Mud Bugs.....I like that. :lol:


----------



## Anish (Mar 6, 2009)

mfs686 said:


> Mud Bugs.....I like that. :lol:


When my middle son was about 3 he had shrimp for the first time over at his grandmas (my husbands side) and he decided that they were "sea bugs" :lol:. My mother in law was appalled but we thought it was hillarious! So to this day, they are still sea bugs. She also makes these awesome chicken pies that for whatever reason around the same age he decided they were called "toads". Again, appalled, again, the name stuck :lol:. Odd kid but he's really neat. :16suspect


----------



## Crappie 1 (Mar 15, 2011)

Either one of those June dates are fine, but I favor the 17th 18th & 19th. whatever is decided is fine with us...


----------



## RippinLipp (Sep 12, 2008)

Im surprised you guys have never heard them called mudbugs... They got the name because they are technically a bug and not a crustacean.. We've been calling them that for years.. If you would of held this shingdig dwn here i would of joined ya but its a little to far for me right now..
_Posted via Mobile Device_


----------



## RippinLipp (Sep 12, 2008)

Hey mfs686... Im dwn here in livingson co, if you want to learn how to make a trap and how to trap them let me know.. Ill be happy to help you out.. We'll go out on a weekend to my honey hole and load up on them.. I need to clear my pm box, ill get it done by Thursday.. Pm me then..
_Posted via Mobile Device_


----------



## Hunter333 (Jan 19, 2000)

*Date?* Anish, you brought it up so pick a date and stick to it, some will make it this year some will not but it is a start. 
*Place?* Campground with link?
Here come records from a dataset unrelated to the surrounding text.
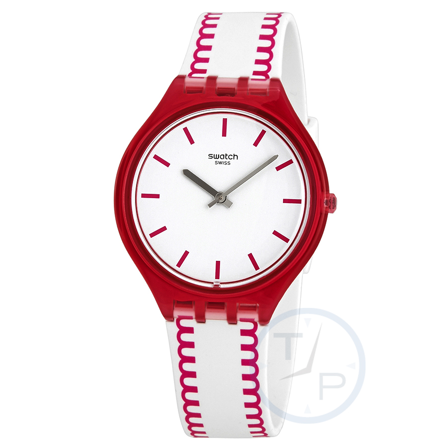 Translucent pink plastic case with a white and pink silicone strap. Fixed translucent pink plastic bezel. White dial with grey hands and index hour markers. Dial Type: Analog. Quartz movement. Pull / push crown. Plexiglass crystal. Solid case back. Round case shape. Case size: 36.80 mm. Case thickness: 5.40 mm. Band width: 17.6 mm. Tang clasp. Water resistant at 30 meters / 100 feet. Functions: hour, minute. Casual watch style. Swatch Skinpunch White Dial Ladies Watch SVOP102.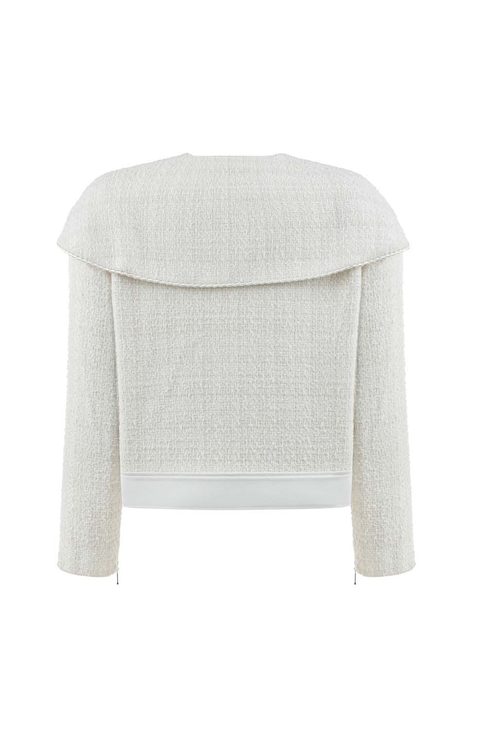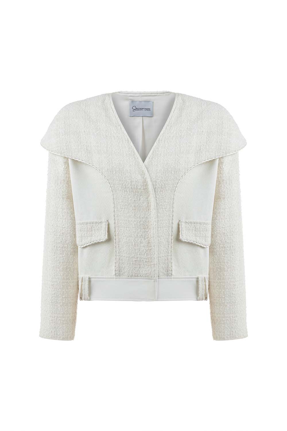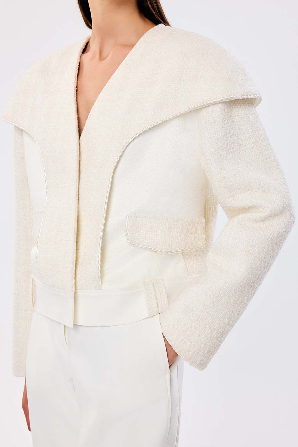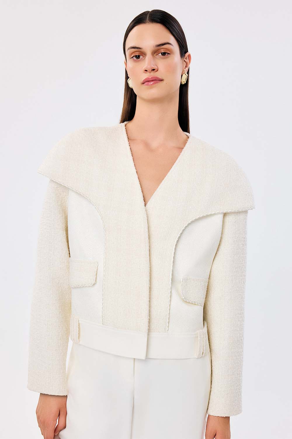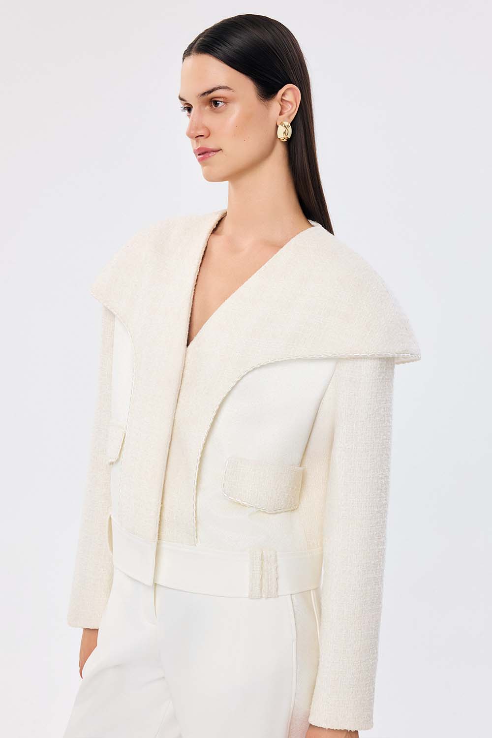 The Maia Jacket is a refined take on classic tailoring, featuring a sculptural oversized collar and structured silhouette. Crafted from textured ivory tweed with subtle tonal paneling, it exudes understated elegance. Functional pocket details and a clean, cropped cut make it a versatile statement piece for effortless sophistication.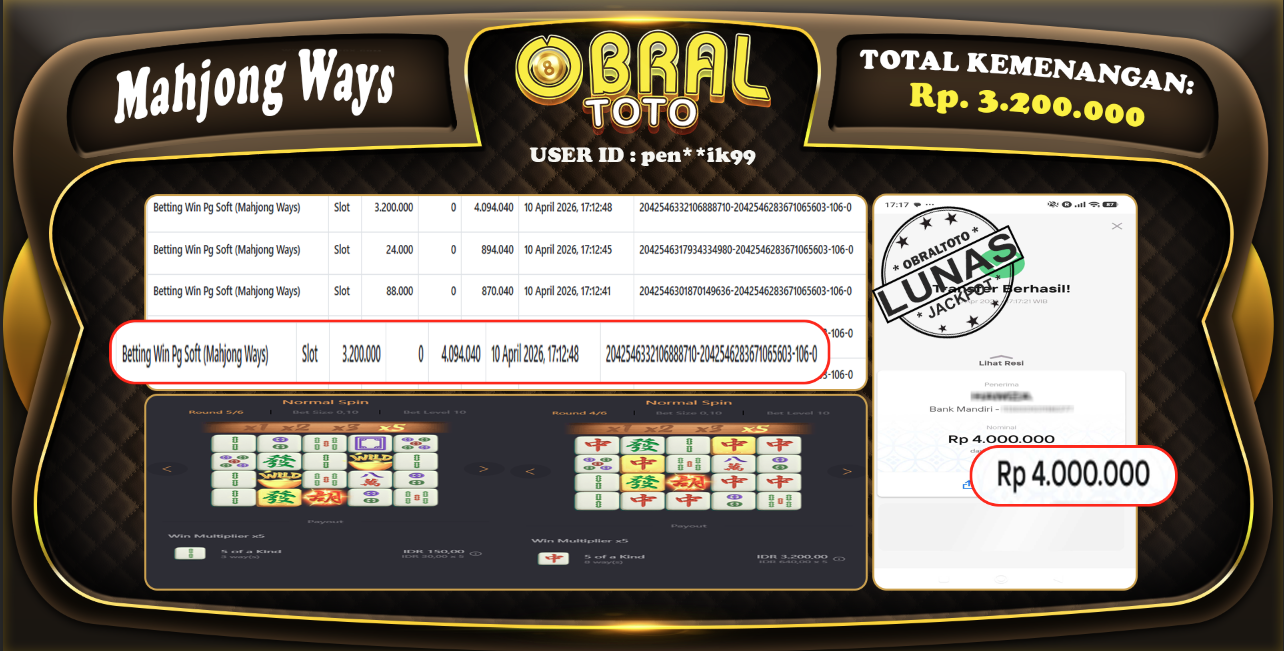 OBRALTOTO – Selamat Kepada Pemenang User id : Pen**ik99 JP MAHJONG WAYS Rp 3.200.000 Juta 11 APRIL 2026 – Situs game online terpercaya dengan bukti jp yang telah resmi dan terjamin di Indonesia, memberikan pengalaman bermain yang aman dan menyenangkan bagi para penggemar game online. Dengan hadirnya OBRALTOTO , pemain dapat menikmati kemudahan akses ke berbagai permainan seru, peluang memenangkan hadiah besar, serta keuntungan menarik yang telah disiapkan khusus untuk para member lama maupun member baru. Platform ini dirancang untuk memberikan kenyamanan dan keamanan, sehingga setiap pemain dapat fokus menikmati permainan sekaligus meraih keuntungan maksimal.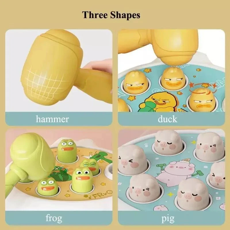 Montessori Baby Toy Educational Puzzle Learning Game with Mallet Duck Frog Pig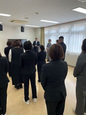 4月1日(水)、辞令交付式を執り行いました。新たな年度を迎え、笹本理事長より職員一人ひとりへ辞令が手渡されました。新しく仲間に加わった職員もおり、施設全体が新たなスタートの空気に包まれています。これからも職員一丸となり、ご利用者様に安心して過ごしていただけるよう、より良い施設運営に努めてまいります。本年度もどうぞよろしくお願いいたします。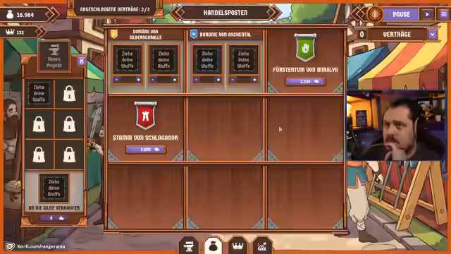 01:16:15Die Allianzen und Konflikte der Reiche bestimmen die Handelsstrategie. Nachdem er zunächst die 'geselligen Zwerge' beliefert, erkennt er eine neue Situation: ein Krieg zwischen Aschenthal und Schlagannor eskaliert. Obwohl Aschenthal ein Embargo gegen ihn verhängt, liefert er trotzdem weiter, da er sich nicht bevormunden lassen will. Die Situation wird dadurch kompliziert, dass er seine Verträge immer wieder anpassen muss, um auf die veränderte militärische Stärke der Reiche zu reagieren.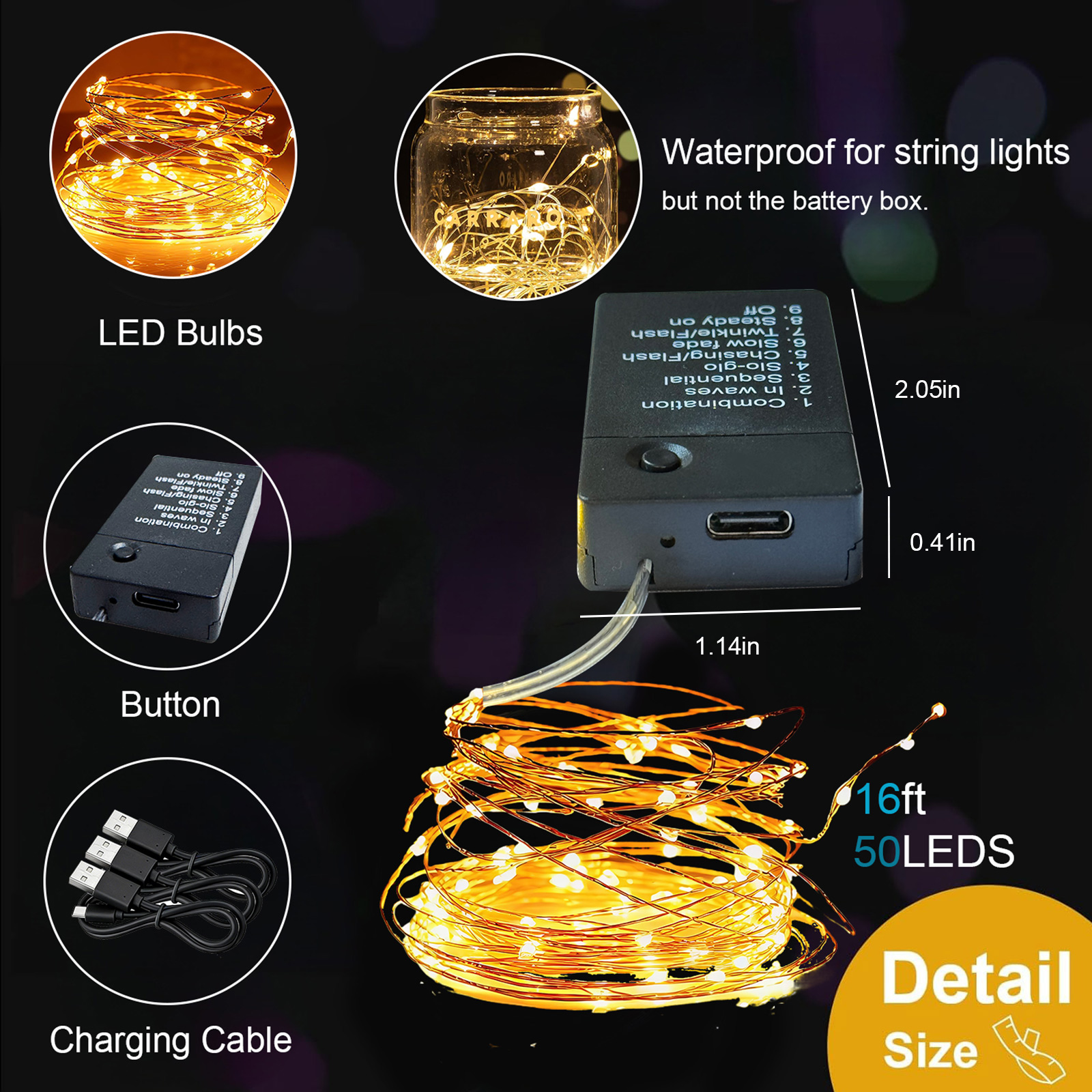 Powered by a large 600mAh rechargeable battery, our lights last twice as long as typical models (300mAh). Enjoy up to 8 hours of continuous illumination on a single charge, perfect for long parties, camping trips, or creating an all-night ambient glow. The built-in battery saves you from constantly replacing disposable ones. - Longer & Brighter: 16ft with 50 Warm White LEDs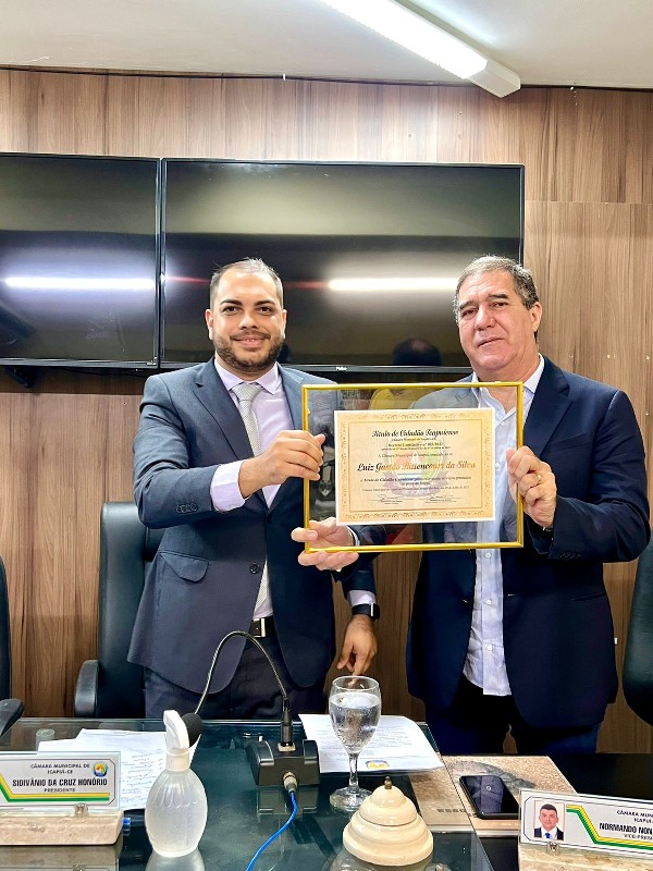 A Câmara Municipal de Icapuí realizou, nessa quarta-feira (20), Sessão Solene para a entrega do Título de Cidadão Icapuiense a Luiz Gastão Bittencourt da Silva, Presidente Licenciado do Sistema Fecomércio - CE.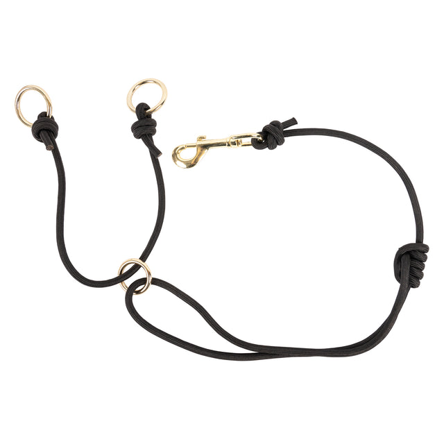 Fourche d'entraînement fabriquée en polyéthylène tressé rond de 5/16 po avec quincaillerie plaquée laiton. Livrée avec mousqueton pivotant pour une fixation facile à la sangle de votre cheval.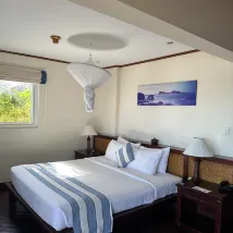 Das ist mein Lieblingsresort in Vietnam. Sie müssen Ihr Gepäck nicht selbst tragen. Es gibt ein Auto, das Sie zu Ihrem Zimmer bringt. Das Hotel ist so schön, dass ich es nicht oft genug sagen kann. Es sind nicht viele Leute da und das Wasser im Schwimmbad ist auch sehr lecker. Ich kann es nur wärmstens empfehlen Das liegt daran, dass das Resort alt ist, aber nachdem wir mit dem Kundenservice gesprochen hatten, schickten sie uns sofort einen großen Ventilator, der sehr effizient war und das Bett sehr bequem war.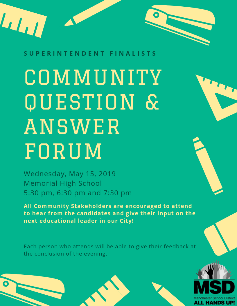administration, community, Events, Uncategorized Community Question & Answer Forum with the Three Finalists for Superintendent Date: April 24, 2019Author: manchesterschooldistrict 0 Comments Share this: Share on X (Opens in new window) X Share on Facebook (Opens in new window) Facebook Like Loading... Related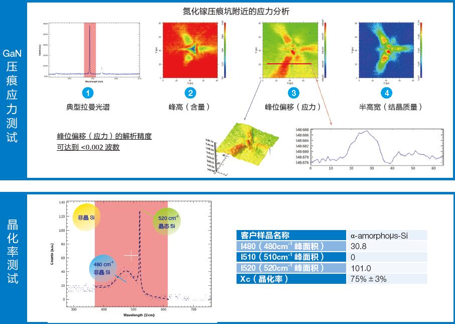 可直觀給出應力屬性(拉力/ 張力),針對特種樣品,可直接計算應力大小,應力均勻性分析 (需額外配置電動位移臺), 應力解析精度0.002cm-1 |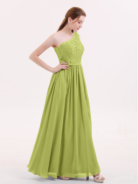 Babaroni CrystalCrystal Un Hombro Gasa Y Encaje Vestido Con Apertura Verde Lima Tallas Grandes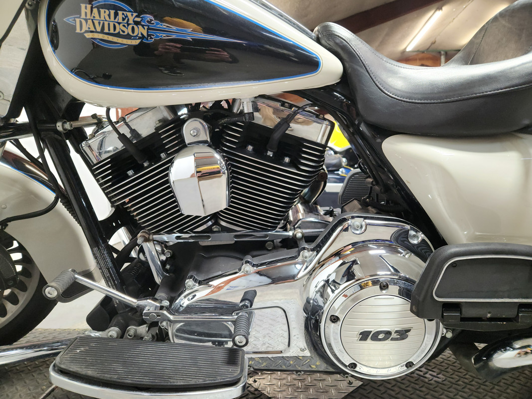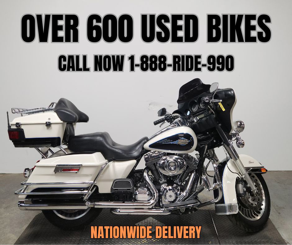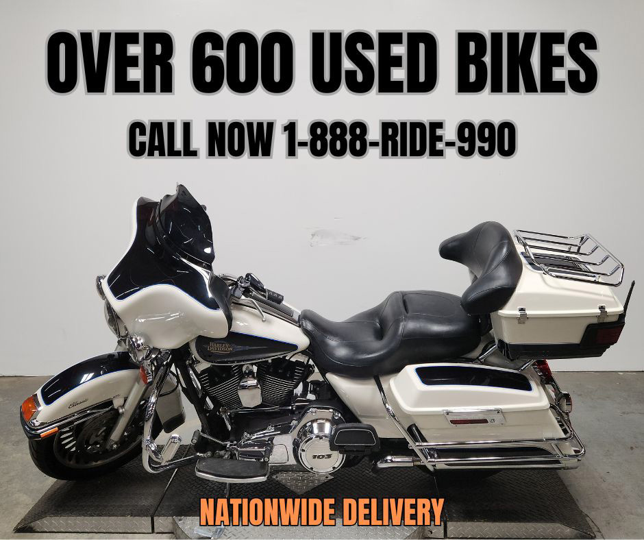 FINISHED IN "WHITE/MIDNIGHT PEARL", THIS ELECTRA GLIDE ULTRA CLASSIC IS A CLEAN, ALL-STOCK EXAMPLE THAT HAS BEEN WELL CARED FOR! 57,460 MILES! RECENTLY SERVICED AT DEALERSHIP, INCLUDING FULL INSPECTION AND ALL FLUIDS CHANGED! SMOOTH, COMFORTABLE TOURING BIKE THAT’S READY TO RIDE WITH CLASSIC HARLEY FIT AND FINISH!

Sites to choose, "password" to let someone at the campground know that it is a MS gathering.

*Cost?* Launch, camping site, parking, vehicle entrance, etc. 

*My experienced thoughts on FIRST outings.... *
You wont please everyone
Keep things simple, don't over plan
Pick a date and place and STICK TO IT! 

If only 3 people show up that is OK, it is a start. Too many times members have tried to please "everyone" and it all ends up not happening. I must brag for a moment... Myself, Sarge, Bowdad, Curdog, Stalker, Trout, Nimrod, Salmonsmoker, and others I cant remember organized the FIRST MS outing. (just spent an hour reading through posts from the past... oh the memories....) I have attended many outings since then, some continue, most have not. The point is, create and outing and have fun, you can plan for another as life goes on.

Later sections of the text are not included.